Technique or Treatment

Chief techniques involved involve nasal intubation and difficult airway management.[31] The anesthetic itself should be routine and can be run with volatile anesthetic agents or as a total intravenous anesthetic, based on anesthesia and surgeon preference.


The main complication associated with anesthesia on this type of patient is getting into a cannot intubate cannot ventilate pathway on the difficult airway algorithm necessitating a surgical airway.[32] This can be avoided with meticulous planning and preparation.

Clinical Significance

The clinical significance is the summation of the aforementioned material. This deformity causes under development and problems with the maxilla, mandible, temporomandibular joint and greatly can affect the mechanics of the airway.[6] Thus, all aspects of the particular patient's disease manifestation should be evaluated and calculated in the anesthesia plan and management.

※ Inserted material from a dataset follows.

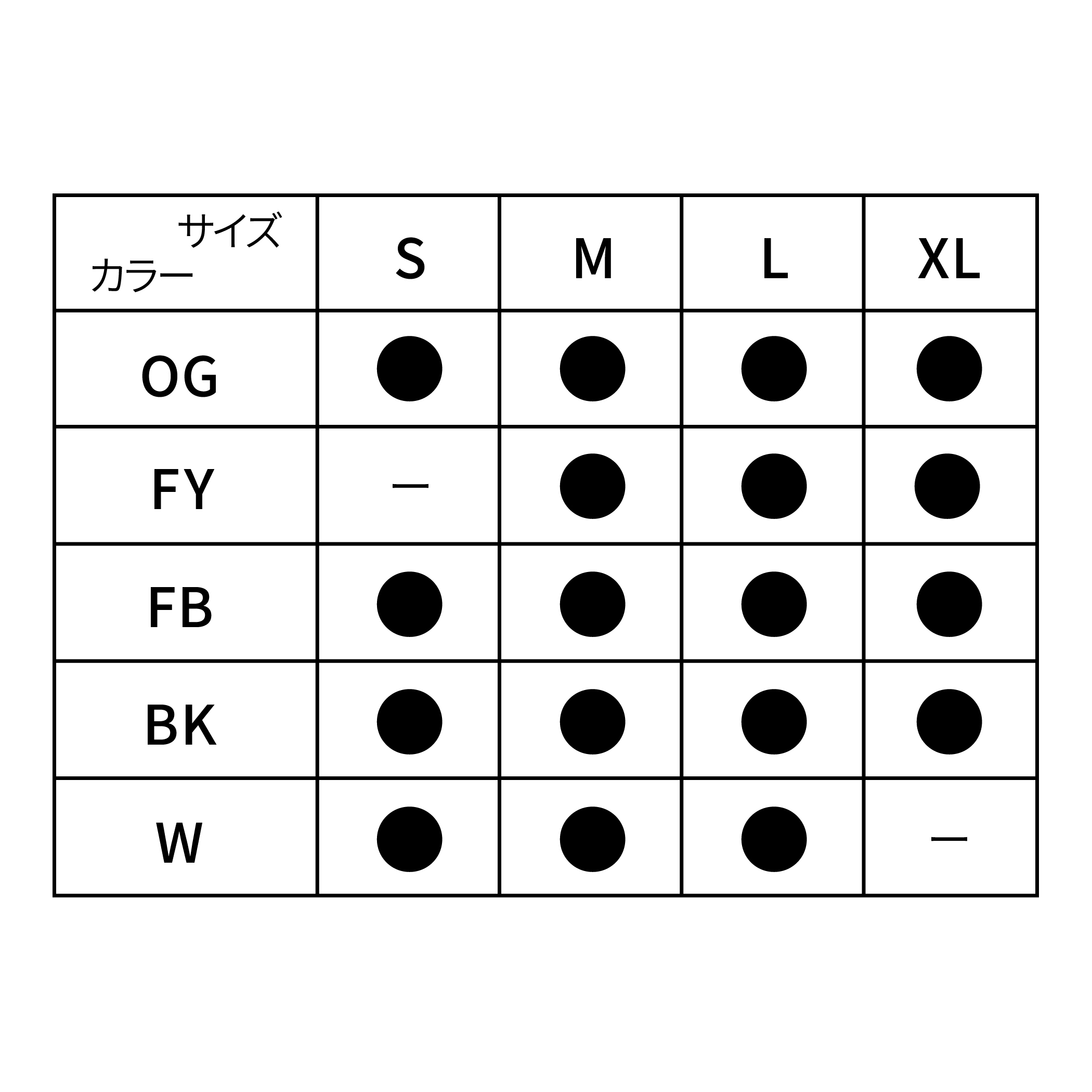 カラーにより取り扱いサイズが異なりますので、ページ上部のカラーサイズ表をご確認ください

Enhancing Healthcare Team Outcomes

The most important part about performing an anesthetic on a hemifacial microsomia patient is the preparation. A discussion with the surgical staff before the day of surgery can be extremely helpful in conveying the anatomic variations and potential airway difficulties. The surgeons can give input on potential airway issues, what they are doing, the length of time and estimated blood loss, any potential surgical issues or considerations, their pre-operative assessment, anticipated post-operative care, and maxillomandibular fixation or elastics.

The anesthesia team can discuss their concerns and thoughts on the airway and plans for managing the difficult airway, labs, intraoperative anesthetic and drugs, and other considerations. The nursing staff and techs should be brought on board during a team steps huddle with verification of equipment and a comprehensive case review.

Nursing, Allied Health, and Interprofessional Team Monitoring

Post-operative care should be carefully discussed between the anesthesia team, surgical team, and nursing staff to ensure careful and safe management in the recovery period.